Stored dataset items
* * * * * * *
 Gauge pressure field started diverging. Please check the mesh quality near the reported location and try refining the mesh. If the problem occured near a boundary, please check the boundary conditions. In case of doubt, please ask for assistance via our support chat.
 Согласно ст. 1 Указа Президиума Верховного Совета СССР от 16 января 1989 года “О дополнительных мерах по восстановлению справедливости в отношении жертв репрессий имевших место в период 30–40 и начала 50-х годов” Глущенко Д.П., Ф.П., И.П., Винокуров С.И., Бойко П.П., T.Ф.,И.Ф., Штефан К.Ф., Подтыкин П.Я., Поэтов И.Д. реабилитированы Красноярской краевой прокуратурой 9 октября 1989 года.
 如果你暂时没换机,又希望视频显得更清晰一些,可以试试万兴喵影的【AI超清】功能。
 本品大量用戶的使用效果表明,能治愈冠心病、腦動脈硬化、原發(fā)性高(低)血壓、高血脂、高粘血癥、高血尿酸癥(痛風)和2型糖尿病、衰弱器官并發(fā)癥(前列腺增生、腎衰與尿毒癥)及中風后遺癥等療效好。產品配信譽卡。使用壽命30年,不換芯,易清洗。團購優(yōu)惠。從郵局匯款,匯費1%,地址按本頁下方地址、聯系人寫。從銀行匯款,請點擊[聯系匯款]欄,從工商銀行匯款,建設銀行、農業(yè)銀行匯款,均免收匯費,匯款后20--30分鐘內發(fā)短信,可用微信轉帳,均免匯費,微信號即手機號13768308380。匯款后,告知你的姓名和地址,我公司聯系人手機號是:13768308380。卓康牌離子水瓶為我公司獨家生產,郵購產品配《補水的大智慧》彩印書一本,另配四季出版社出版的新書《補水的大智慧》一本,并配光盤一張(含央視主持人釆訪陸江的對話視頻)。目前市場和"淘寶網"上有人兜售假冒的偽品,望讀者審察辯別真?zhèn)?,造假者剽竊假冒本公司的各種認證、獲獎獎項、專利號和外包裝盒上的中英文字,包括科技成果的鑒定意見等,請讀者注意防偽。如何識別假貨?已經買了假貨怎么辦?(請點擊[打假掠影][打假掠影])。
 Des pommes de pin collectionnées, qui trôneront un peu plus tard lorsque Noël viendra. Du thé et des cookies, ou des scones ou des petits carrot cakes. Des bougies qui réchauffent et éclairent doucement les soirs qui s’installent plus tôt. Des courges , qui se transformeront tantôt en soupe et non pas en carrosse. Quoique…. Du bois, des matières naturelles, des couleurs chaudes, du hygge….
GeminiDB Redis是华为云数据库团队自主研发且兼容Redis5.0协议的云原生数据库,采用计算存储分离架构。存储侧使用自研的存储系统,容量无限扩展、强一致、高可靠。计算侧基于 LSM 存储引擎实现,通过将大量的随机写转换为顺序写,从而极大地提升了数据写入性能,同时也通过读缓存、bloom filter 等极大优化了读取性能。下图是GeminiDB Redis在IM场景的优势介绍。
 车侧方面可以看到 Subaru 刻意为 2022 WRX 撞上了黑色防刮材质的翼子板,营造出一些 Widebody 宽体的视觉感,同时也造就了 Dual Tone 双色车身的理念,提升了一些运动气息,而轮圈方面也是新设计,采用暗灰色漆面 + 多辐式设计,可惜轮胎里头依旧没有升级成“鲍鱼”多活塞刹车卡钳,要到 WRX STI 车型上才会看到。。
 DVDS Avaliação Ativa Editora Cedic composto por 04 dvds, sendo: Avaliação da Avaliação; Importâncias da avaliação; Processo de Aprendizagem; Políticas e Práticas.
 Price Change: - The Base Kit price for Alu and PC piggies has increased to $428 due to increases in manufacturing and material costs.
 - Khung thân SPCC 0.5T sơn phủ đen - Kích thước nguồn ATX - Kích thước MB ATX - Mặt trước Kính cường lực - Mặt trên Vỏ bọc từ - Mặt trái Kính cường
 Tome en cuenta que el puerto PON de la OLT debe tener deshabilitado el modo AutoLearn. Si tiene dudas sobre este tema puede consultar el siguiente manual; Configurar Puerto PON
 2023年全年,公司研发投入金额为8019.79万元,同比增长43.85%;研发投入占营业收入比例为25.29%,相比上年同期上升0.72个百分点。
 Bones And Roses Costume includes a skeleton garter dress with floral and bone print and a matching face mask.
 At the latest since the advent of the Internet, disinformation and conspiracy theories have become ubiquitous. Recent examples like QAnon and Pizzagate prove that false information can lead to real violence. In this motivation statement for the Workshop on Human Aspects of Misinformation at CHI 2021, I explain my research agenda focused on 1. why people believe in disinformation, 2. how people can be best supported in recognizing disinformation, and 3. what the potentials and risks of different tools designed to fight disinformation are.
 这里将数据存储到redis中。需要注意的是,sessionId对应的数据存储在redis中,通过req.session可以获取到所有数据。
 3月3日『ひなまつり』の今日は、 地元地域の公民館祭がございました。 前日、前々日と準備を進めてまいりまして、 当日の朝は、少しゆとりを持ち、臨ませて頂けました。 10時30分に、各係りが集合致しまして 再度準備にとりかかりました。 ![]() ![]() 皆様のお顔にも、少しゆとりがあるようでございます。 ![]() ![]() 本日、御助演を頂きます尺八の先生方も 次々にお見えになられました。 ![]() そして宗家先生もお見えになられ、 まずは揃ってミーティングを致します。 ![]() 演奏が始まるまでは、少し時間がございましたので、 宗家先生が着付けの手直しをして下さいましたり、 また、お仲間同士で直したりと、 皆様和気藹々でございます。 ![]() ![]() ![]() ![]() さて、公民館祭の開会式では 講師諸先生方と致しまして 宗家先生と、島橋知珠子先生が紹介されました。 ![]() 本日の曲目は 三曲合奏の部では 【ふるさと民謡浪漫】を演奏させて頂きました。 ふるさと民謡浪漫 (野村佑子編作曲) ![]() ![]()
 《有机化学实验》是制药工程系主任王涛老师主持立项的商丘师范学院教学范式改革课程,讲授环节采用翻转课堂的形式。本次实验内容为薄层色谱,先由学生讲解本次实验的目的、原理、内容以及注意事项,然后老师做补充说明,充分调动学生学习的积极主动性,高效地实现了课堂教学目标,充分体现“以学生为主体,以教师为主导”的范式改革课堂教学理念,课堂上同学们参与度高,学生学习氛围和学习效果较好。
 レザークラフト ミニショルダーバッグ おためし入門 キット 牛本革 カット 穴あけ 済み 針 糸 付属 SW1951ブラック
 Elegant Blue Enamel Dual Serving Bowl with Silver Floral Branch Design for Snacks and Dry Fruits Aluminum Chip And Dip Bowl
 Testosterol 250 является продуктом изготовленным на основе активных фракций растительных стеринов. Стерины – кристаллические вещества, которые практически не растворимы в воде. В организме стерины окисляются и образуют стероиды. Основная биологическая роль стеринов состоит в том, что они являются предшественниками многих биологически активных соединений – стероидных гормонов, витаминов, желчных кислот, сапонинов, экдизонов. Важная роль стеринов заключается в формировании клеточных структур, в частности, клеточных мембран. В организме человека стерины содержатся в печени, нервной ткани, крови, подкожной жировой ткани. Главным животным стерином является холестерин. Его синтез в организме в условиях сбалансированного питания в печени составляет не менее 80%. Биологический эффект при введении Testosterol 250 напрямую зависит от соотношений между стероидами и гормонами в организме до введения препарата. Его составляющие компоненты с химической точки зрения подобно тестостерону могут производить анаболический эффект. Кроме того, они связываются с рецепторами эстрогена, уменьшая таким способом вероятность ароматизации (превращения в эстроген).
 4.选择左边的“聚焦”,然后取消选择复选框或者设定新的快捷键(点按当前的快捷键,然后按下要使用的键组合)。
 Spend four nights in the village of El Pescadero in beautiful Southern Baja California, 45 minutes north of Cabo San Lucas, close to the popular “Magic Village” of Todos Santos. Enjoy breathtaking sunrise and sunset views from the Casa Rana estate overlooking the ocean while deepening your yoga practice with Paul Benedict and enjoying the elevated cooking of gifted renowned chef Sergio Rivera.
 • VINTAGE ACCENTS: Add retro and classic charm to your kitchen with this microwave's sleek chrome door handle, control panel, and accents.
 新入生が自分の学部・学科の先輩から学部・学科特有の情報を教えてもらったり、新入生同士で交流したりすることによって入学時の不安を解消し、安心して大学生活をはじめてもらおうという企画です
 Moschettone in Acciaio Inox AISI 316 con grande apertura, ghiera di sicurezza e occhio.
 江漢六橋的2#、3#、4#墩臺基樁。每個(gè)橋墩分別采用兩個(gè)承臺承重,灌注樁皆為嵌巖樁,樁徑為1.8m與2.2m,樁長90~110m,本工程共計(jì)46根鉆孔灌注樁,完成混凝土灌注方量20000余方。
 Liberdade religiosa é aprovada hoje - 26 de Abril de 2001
* * * * * * *
### Assigned task
Word for word, restate the lines above from the line containing "レザークラフト ミニショルダーバッグ おためし入門" through the line containing "Testosterol 250 является", with both included and nothing else.

### Result for this task
 レザークラフト ミニショルダーバッグ おためし入門 キット 牛本革 カット 穴あけ 済み 針 糸 付属 SW1951ブラック
 Elegant Blue Enamel Dual Serving Bowl with Silver Floral Branch Design for Snacks and Dry Fruits Aluminum Chip And Dip Bowl
 Testosterol 250 является продуктом изготовленным на основе активных фракций растительных стеринов. Стерины – кристаллические вещества, которые практически не растворимы в воде. В организме стерины окисляются и образуют стероиды. Основная биологическая роль стеринов состоит в том, что они являются предшественниками многих биологически активных соединений – стероидных гормонов, витаминов, желчных кислот, сапонинов, экдизонов. Важная роль стеринов заключается в формировании клеточных структур, в частности, клеточных мембран. В организме человека стерины содержатся в печени, нервной ткани, крови, подкожной жировой ткани. Главным животным стерином является холестерин. Его синтез в организме в условиях сбалансированного питания в печени составляет не менее 80%. Биологический эффект при введении Testosterol 250 напрямую зависит от соотношений между стероидами и гормонами в организме до введения препарата. Его составляющие компоненты с химической точки зрения подобно тестостерону могут производить анаболический эффект. Кроме того, они связываются с рецепторами эстрогена, уменьшая таким способом вероятность ароматизации (превращения в эстроген).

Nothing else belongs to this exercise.